2025-08-05 11:32:30 +00:00 · 2020-10-23 10:57:45 +02:00
parent d9ddf8858e
commit e5476e6fef
1 changed files with 96 additions and 1 deletions
--- a/telethon/utils.py
+++ b/telethon/utils.py
@@ -20,7 +20,7 @@ from mimetypes import guess_extension
 from types import GeneratorType
 from .extensions import markdown, html
-from .helpers import add_surrogate, del_surrogate
+from .helpers import add_surrogate, del_surrogate, strip_text
 from .tl import types
 try:
@@ -1384,6 +1384,101 @@ def decode_waveform(waveform):
    return bytes(result)
 def split_text(text, entities, *, limit=4096, max_entities=100, split_at=(r'\n', r'\s', '.')):
    """
    Split a message text and entities into multiple messages, each with their
    own set of entities. This allows sending a very large message as multiple
    messages while respecting the formatting.
    Arguments
        text (`str`):
            The message text.
        entities (List[:tl:`MessageEntity`])
            The formatting entities.
        limit (`int`):
            The maximum message length of each individual message.

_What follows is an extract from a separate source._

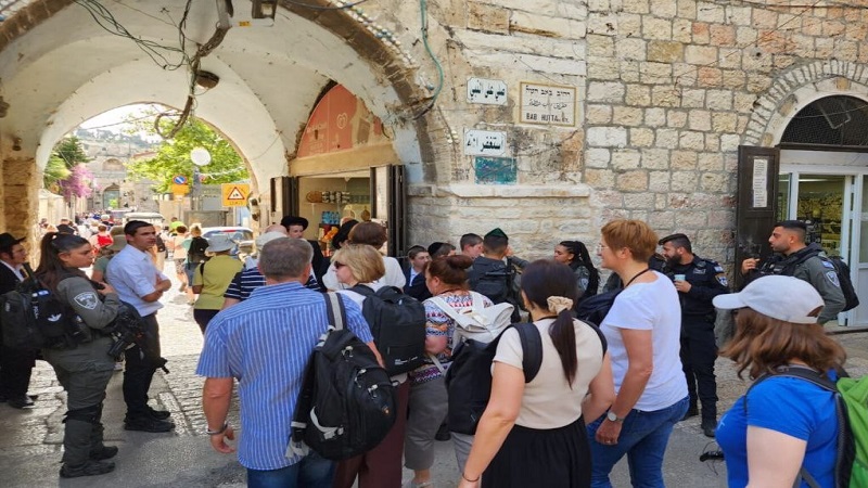 القدس المحتلة: أدى عشرات المستوطنين، طقوسا تلمودية في سوق القطانين وقرب باب القطانين، في المسجد الأقصى المبارك.

        max_entities (`int`):
            The maximum amount of entities that will be present in each
            individual message.
        split_at (Tuplel[`str`]):
            The list of regular expressions that will determine where to split
            the text. By default, a newline is searched. If no newline is
            present, a space is searched. If no space is found, the split will
            be made at any character.
            The last expression should always match a character, or else the
            text will stop being splitted and the resulting text may be larger
            than the limit.
    Yields
        Pairs of ``(str, entities)`` with the split message.
    Example
        .. code-block:: python
            from telethon import utils
            from telethon.extensions import markdown
            very_long_markdown_text = "..."
            text, entities = markdown.parse(very_long_markdown_text)

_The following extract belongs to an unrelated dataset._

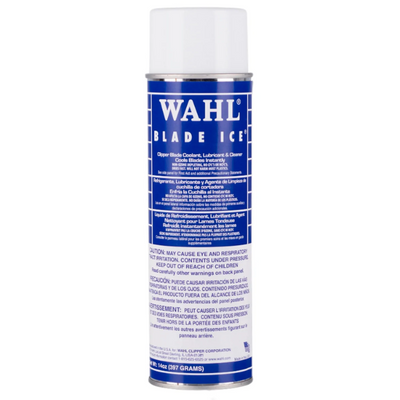 Wahl Blade Ice Clipper Spray - Coolant Lubricant Cleaner (397g).  Cools blades instantly. Safe on most plastics. Blade Ice is a quick effective lubricant that provides instant cooling, lubrication and cleaning for your clipper blades. Simply spray Blade Ice through the clipper blades occasionally, during the time you are clipping. The results are reduced friction, less heat and less blade wear without the heavy residue of oil.

            for text, entities in utils.split_text(text, entities):
                await client.send_message(chat, text, formatting_entities=entities)
    """
    # TODO add test cases (multiple entities beyond cutoff, at cutoff, splitting at emoji)
    # TODO try to optimize this a bit more? (avoid new_ent, smarter update method)

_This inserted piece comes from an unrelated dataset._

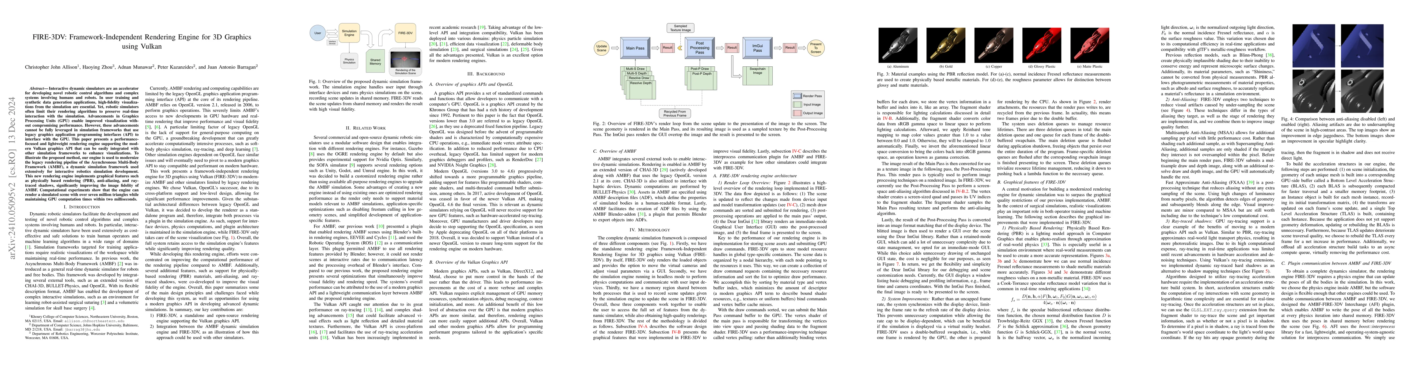Interactive dynamic simulators are an accelerator for developing novel robotic control algorithms and complex systems involving humans and robots. In user training and synthetic data generation applications, a high-fidelity visualization of the simulation is essential. Visual fidelity is dependent on the quality of the computer graphics algorithms used to render the simulated scene. Furthermore, the rendering algorithms must be implemented on the graphics processing unit (GPU) to achieve real-time performance, requiring the use of a graphics application programming interface (API). This paper presents a performance-focused and lightweight rendering engine supporting the Vulkan graphics API. The engine is designed to modernize the legacy rendering pipeline of Asynchronous Multi-Body Framework (AMBF), a dynamic simulation framework used extensively for interactive robotics simulation development. This new rendering engine implements graphical features such as physically based rendering (PBR), anti-aliasing, and ray-traced shadows, significantly improving the image quality of AMBF. Computational experiments show that the engine can render a simulated scene with over seven million triangles while maintaining GPU computation times within two milliseconds.

    def update(ent, **updates):
        kwargs = ent.to_dict()
        del kwargs['_']
        kwargs.update(updates)
        return ent.__class__(**kwargs)
    text = add_surrogate(text)
    split_at = tuple(map(re.compile, split_at))
    while True:
        if len(entities) > max_entities:
            last_ent = entities[max_entities - 1]
            cur_limit = min(limit, last_ent.offset + last_ent.length)
        else:
            cur_limit = limit
        if len(text) <= cur_limit:
            break
        for split in split_at:
            for i in reversed(range(cur_limit)):
                m = split.match(text, pos=i)
                if m:
                    cur_text, new_text = text[:m.end()], text[m.end():]
                    cur_ent, new_ent = [], []
                    for ent in entities:
                        if ent.offset < m.end():
                            if ent.offset + ent.length > m.end():
                                cur_ent.append(update(ent, length=m.end() - ent.offset))
                                new_ent.append(update(ent, offset=0, length=ent.offset + ent.length - m.end()))
                            else:
                                cur_ent.append(ent)
                        else:
                            new_ent.append(update(ent, offset=ent.offset - m.end()))
                    yield del_surrogate(cur_text), cur_ent
                    text, entities = new_text, new_ent
                    break
            else:
                continue
            break
        else:
            # Can't find where to split, just return the remaining text and entities
            break
    yield del_surrogate(text), entities
 class AsyncClassWrapper:
    def __init__(self, wrapped):
        self.wrapped = wrapped